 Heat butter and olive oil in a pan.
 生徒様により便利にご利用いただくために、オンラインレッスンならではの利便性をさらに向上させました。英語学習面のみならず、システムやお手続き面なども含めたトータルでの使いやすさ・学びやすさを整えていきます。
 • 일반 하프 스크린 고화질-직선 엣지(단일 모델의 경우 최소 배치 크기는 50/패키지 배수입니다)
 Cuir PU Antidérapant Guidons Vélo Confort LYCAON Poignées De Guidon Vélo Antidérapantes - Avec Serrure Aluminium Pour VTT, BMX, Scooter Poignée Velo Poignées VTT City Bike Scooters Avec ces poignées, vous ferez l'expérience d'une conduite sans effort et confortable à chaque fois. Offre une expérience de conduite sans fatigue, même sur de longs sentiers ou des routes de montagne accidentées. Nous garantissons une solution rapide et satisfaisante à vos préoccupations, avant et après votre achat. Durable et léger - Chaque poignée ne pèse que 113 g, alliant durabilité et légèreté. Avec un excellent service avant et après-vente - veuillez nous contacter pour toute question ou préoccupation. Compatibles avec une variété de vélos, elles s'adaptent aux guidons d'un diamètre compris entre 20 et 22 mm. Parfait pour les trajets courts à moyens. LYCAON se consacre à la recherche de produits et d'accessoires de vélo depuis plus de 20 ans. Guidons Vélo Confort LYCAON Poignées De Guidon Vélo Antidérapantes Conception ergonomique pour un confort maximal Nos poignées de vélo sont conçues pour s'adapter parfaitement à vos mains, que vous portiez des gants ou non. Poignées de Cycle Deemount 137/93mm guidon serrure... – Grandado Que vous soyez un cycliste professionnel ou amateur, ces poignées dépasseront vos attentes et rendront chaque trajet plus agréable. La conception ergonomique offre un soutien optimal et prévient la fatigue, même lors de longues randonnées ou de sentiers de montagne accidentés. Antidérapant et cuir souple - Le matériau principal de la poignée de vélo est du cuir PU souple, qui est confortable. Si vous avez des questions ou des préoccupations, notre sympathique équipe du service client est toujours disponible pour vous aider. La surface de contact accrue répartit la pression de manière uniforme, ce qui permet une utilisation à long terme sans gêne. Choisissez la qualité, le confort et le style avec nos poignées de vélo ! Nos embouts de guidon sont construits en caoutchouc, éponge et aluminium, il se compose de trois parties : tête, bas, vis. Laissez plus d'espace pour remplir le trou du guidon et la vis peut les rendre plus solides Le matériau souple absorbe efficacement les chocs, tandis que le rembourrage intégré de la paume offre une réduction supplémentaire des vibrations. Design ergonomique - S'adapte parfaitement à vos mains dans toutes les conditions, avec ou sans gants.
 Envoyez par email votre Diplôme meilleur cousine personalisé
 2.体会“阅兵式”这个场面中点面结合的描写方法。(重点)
...
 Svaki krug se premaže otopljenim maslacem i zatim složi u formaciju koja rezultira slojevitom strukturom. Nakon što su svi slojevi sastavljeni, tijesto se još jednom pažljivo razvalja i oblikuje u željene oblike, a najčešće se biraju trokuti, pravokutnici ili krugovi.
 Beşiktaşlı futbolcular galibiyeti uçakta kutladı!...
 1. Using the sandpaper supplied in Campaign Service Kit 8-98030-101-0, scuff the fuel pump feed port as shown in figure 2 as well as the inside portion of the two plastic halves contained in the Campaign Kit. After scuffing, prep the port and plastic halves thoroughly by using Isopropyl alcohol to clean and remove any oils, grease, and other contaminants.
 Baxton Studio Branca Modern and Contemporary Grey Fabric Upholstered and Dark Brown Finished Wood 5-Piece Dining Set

◆ **WORK TO COMPLETE**
With the line holding "Heat butter and olive oil in a pan." as the first and the line holding "크기는 50/패키지 배수입니다)" as the last, please transcribe exactly the lines of the material above in that range and nothing else.

◆ **EXERCISE RESPONSE**
 Heat butter and olive oil in a pan.
 生徒様により便利にご利用いただくために、オンラインレッスンならではの利便性をさらに向上させました。英語学習面のみならず、システムやお手続き面なども含めたトータルでの使いやすさ・学びやすさを整えていきます。
 • 일반 하프 스크린 고화질-직선 엣지(단일 모델의 경우 최소 배치 크기는 50/패키지 배수입니다)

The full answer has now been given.